Je suis this, Je suis that… and then what?
And how about the Je suis hysteria? How many takers for Je suis Dhaka, Je suis Istanbul? None! The Je suis business, candlelight vigils, the bouquets placed on massacre sites reek with the stench of manipulated and misplaced emotions, humanity’s cry for help covered with the veneer of distractions from the real fault lines. But is it only about Western interventionism in other peoples’ lives that has triggered fanaticism and extreme acts? It would be facile to take that route. The killing and maiming of atheists in Bangladesh, the attacks on abortion clinics in the US, the stigma against science and the continuous attacks on the way “other” people dress in Québec and Canada demonstrate the blind religious instigation that comes from temples, mosques, synagogues and other pulpits. Religion is incendiary as well as an opiate. It is also a fundamental fault line. Divisive and intolerant. Some religions have managed to cover their primitivistic attributes with modernist refinements. Others have not.
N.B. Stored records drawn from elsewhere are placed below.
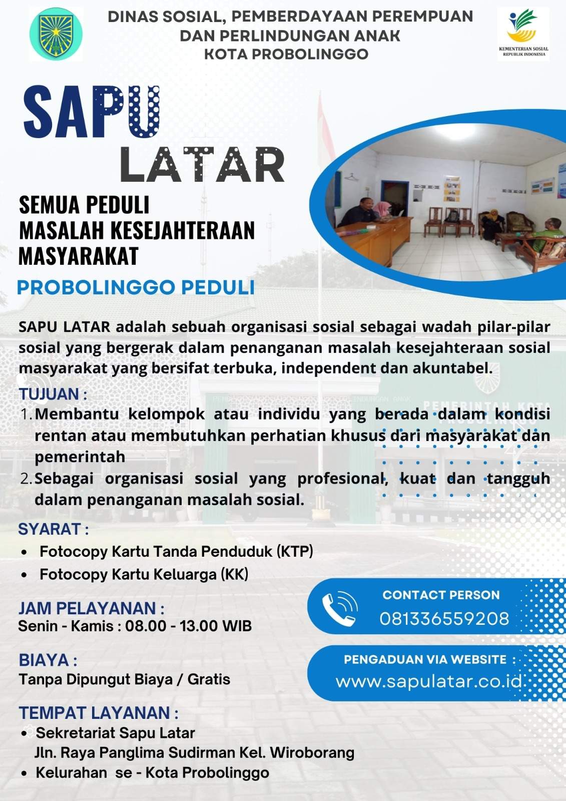 2.      Pemohon datang langsung ke Sekretariatan Sapu Latar yang bertempat di Jalan Raya Panglima Sudirman Kelurahan Wiroborang.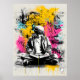 Graffiti-inspiriertes Street Art Poster eines Jungen, der liest, mit Schablonendetails und hellen Spritzen von Gelb, Rosa und Blau. Ein leistungsstarkes urbanes Design für moderne Wohngestaltung, Klassenzimmer oder Geschenke für Graffiti- und Straßenkulturfans.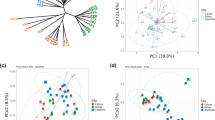 Before the calculation of beta diversity, metabolites were standardized to relative abundance and Bray–Curtis similarity matrices were prepared using the “vegan” package (Version: 2.5-7)56. PERMANOVA (Adonis, transformed data by Bray–Curtis, permutation = 999) was used to determine if beta diversity significantly differed among treatments or plant disease states and principal coordinate analysis (PCA) plots were generated based on Bray–Curtis similarity matrices using the “ggplot2” package57 (Version: 3.3.5). For screening rhizosphere metabolites for the development of prebiotic, the general linear model (GLM) was firstly used to identify differentially expressed metabolites. The R package “mvabund”58 was used to fit the model. The significance threshold was set as adjusted p < 0.05. The p-values were corrected by the step-down resampling procedure for multiple comparisons. Then, metabolites were used to constructed random forest model for seek the metabolites could be well distinguished healthy/diseased. The “randomForest” package was used to develop random forest models. We first used the importance () function to rank individual metabolites on the basis of their contribution to the accuracy of the models. We then used the rfcv() function to perform a tenfold cross-validation that evaluated model performance as a function of the number of discriminant metabolites included in the model. We used similar statistical tools to contrast microbiomes across samples based on the 16S rRNA gene ASV table generated herein. Nonparametric t-tests were used for detection of significant differences in bacterial/ archaeal community diversity/richness based on Shannon diversity, Pielou evenness, and the Chao1 index. Before the calculation of beta diversity, relative abundances were used to standardize the ASV profiles. Bray–Curtis distance matrices were prepared using the “vegan” R package. PERMANOVA (Adonis, transformed data by Bray–Curtis, permutation = 999) was used to test if the beta diversity differed among treatments and principal coordinate analysis (PCoA) plots were generated according to Bray–Curtis similarity matrices created using the R package “ggplot2”57. Network analysis was performed using R package “ggClusterNet”59. To reveal microbial taxa that were more abundant in the metabolite treated samples, linear discriminant analysis (LDA) and effect size (LEfSe) analyses were performed with the “MASS” packages (Version: 7.3-54).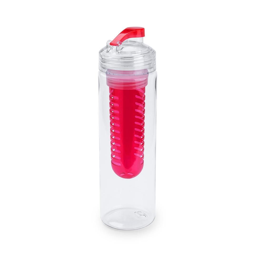 Bidón de 700ml de capacidad en material tritán resistente al calor. Con dosificador de seguridad y tapón a rosca con accesorio enfriador en vivos colores. Presentado en caja individual.
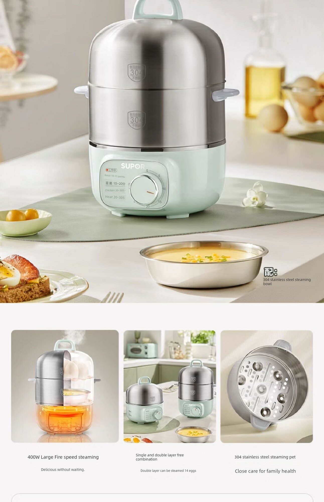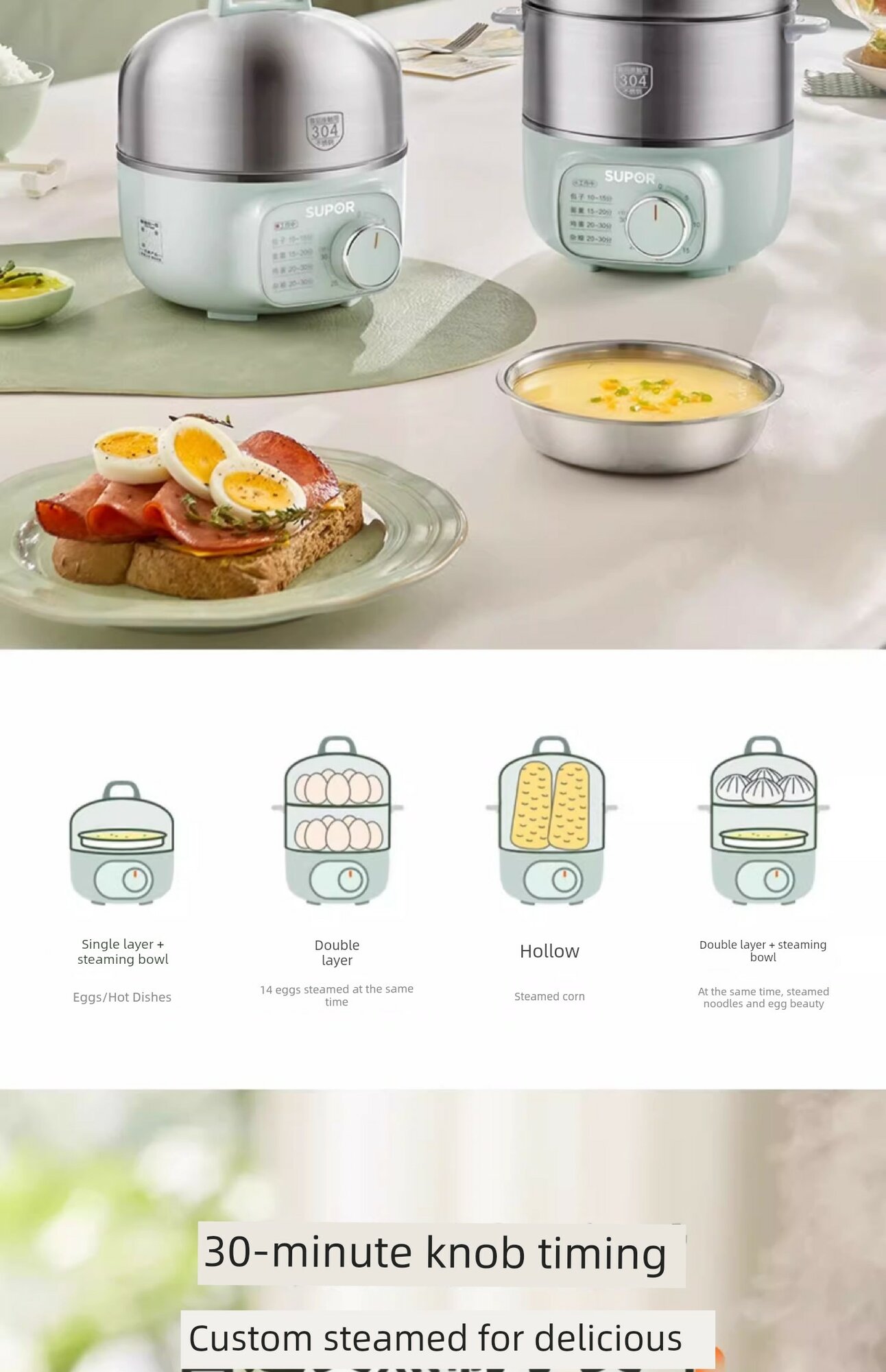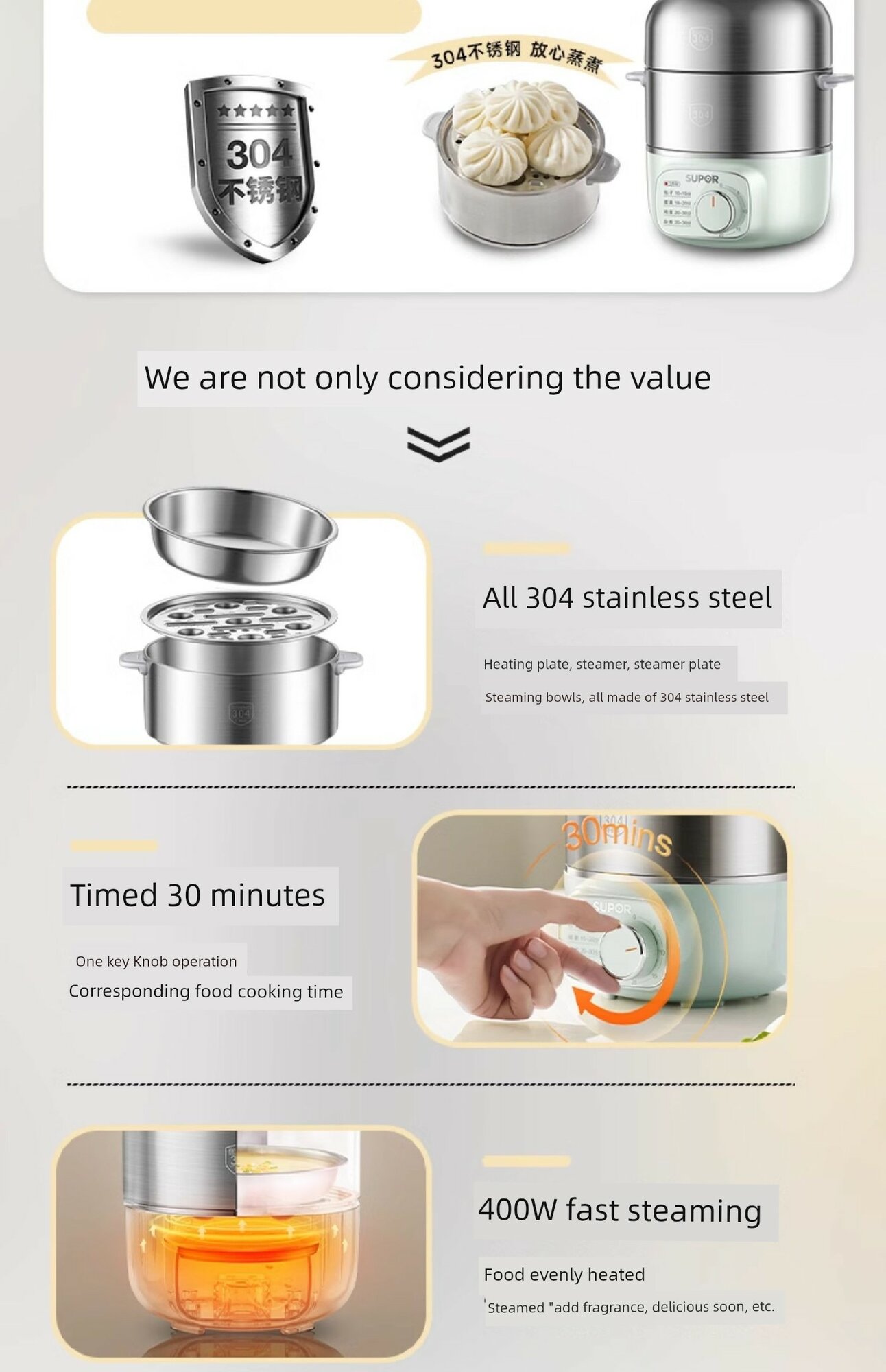 | Дополнительная информация | корпус из нержавеющей стали 304, 30-минутный таймер с ручкой, переключение между одинарным и двойным слоем, быстрое приготовление на пару мощностью 400 Вт |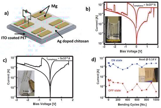 (a) Pictorial representation of the Mg/Ag doped Chitosan/Mg-RSD. Resistive switching behavior of the device after bending with a radius of curvature of 5 mm under: (b) Compressive stress; and (c) tensile stress. (d) Cyclic test performed at 0.14 V read voltage showing the stability of the RSD in its bend state [44] (with permission from Advanced Functional Materials).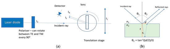 Optical setup (a) for measuring refractive index. Using equation in (b), angles are worked out and the refractive index calculated using Snell’s law. By taking the front, IF, and back, IB, reflections and measuring distance between front and back reflected rays, d, as a function of a number of angles, θ1 and θ2, error in calculating n from Snell’s equation, potentially arising from positional inaccuracy during alignment and non-parallel surfaces, can be reduced by taking single measurements.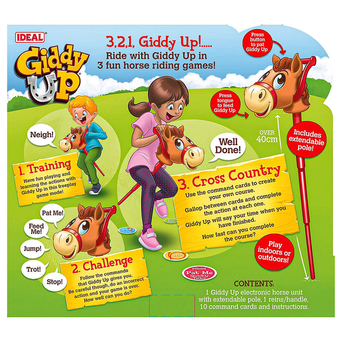 In Training, get used to Giddy Up with this free play game mode. In Cross Country, place the 10 command cards in an open space and Giddy Up. When you reach the card, do the command and then gallop to the next. How fast can you complete the track that you set? In Challenge, follow the commands that the horse gives you. Be careful though, do an incorrect action and your game is over. How well can you do?

Let’s take female genital mutilation. What’s the word on that? It’s an Islamic problem, right? That’s the common parlance. Really? In Eritrea and Ethiopia, where 90% and 77% of the population are Christian, the largest number of genital mutilations in Africa occur. So, it is really an African problem. Yet we keep repeating the same tired old memes, the facile generalizations about Muslim fanaticism.
In this issue of Serai, we have produced a significant collection on the theme of Fault Lines. It includes critical original essays on the TPP by Michael Fish, an extraordinary photo essay on the condition of fleeing migrants in Europe by Darren Ell, an incisive book review by Patrick Barnard of Djemaa Maazouzi’s Le Partage des Mémoires about recovering memories of the Algerian War of Independence, a poignant short story by Dorota Kozinska on growing up in Syria, far-reaching coverage of partitions and dividing lines in history by Nilambri Ghai, my commentary on the Orlando shootings, the works of Montréal artist Dan Delaney, and a hilarious short story by Susan Dubrofsky on how to survive a nuclear disaster.
The central thread in all these pieces underscores the need for deciphering fundamental fault lines instead of hovering over superficialities. Further contributions will be staggered over the coming weeks, along with a peppering of Montréal street art, as we explore more dynamic presentations and interactions with our far-flung readership. Keep an eye out!